The Olympia city council voted initial approval on the question of whether to make OlyWa a NFZ. Does anyone know what "initial approval" means? Read about it here and here.

Here's what someone named "Bird Dog" thinks about it.

A two-minute google search produced this partial list of other cities that are NFZs:

Takoma Park
Las Vegas
Santa Cruz

I guess there are quite a few more:
Johnson said more than 1,200 cities and 100 countries are "nuclear-free." Olympia's ordinance is based on one adopted by Takoma Park, Md., that was approved 20 years ago and survived a legal challenge.

Here's a pdf of the Takoma Park NFZ Act.

Anyone have the energy to make the arguments for and against?


Nope, not anymore

I wonder though, if this were brought up now, given the current energy of the blog, if more people would jump at that question Rick. Do you wonder?

For and against

I am not sure when the Olympia City Council was granted any control what so ever over the federal government owned and controlled Nuclear materials. Is the Olympia City Council part of the IAEA. (Funny thing is I do a search on that website and find nothing for the Olympia City Council)

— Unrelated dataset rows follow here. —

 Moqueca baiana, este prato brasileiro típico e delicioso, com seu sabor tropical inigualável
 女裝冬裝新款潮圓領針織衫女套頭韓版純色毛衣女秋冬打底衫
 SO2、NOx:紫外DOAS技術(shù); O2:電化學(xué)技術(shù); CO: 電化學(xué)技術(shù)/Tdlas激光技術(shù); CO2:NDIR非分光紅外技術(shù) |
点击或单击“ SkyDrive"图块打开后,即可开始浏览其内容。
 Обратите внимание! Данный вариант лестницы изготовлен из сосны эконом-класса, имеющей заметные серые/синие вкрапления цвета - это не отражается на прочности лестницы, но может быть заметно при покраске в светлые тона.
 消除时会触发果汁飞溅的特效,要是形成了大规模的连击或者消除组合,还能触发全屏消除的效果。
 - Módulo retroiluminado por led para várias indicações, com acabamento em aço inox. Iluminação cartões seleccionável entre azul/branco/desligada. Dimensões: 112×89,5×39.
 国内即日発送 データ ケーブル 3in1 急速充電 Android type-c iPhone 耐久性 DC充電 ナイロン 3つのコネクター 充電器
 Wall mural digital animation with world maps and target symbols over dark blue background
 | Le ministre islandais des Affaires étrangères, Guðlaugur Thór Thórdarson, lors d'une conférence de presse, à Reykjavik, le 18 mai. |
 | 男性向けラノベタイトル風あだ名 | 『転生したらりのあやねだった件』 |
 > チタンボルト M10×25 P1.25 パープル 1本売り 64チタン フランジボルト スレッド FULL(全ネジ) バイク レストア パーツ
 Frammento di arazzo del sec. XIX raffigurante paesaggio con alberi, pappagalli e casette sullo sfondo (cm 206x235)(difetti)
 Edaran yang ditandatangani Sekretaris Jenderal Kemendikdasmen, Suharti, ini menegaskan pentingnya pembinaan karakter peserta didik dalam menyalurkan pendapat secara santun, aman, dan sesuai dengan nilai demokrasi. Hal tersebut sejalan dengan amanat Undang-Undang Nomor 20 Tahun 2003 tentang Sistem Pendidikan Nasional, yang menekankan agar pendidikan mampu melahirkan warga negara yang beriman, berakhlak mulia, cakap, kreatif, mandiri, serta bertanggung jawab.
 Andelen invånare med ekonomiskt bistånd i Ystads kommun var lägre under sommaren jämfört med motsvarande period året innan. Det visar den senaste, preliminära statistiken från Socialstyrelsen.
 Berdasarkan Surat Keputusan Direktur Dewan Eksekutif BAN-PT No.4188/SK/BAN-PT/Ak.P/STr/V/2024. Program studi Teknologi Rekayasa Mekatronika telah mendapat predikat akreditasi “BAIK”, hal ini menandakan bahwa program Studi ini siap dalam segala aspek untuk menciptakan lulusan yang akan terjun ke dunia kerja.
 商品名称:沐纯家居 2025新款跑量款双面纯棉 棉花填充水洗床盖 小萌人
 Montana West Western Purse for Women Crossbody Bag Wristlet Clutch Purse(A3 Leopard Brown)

Perhaps the Olympia City Council should spend more time dealing with local issues under their control such as panhandling, litter, crime, and graffiti vandalism, business development, and less time making misinformed political statements and wasting the time and money of the city to do so.



One of the great non sequiturs of the left is that, if the free market doesn't work perfectly, then it doesn't work at all-- and the government should step in.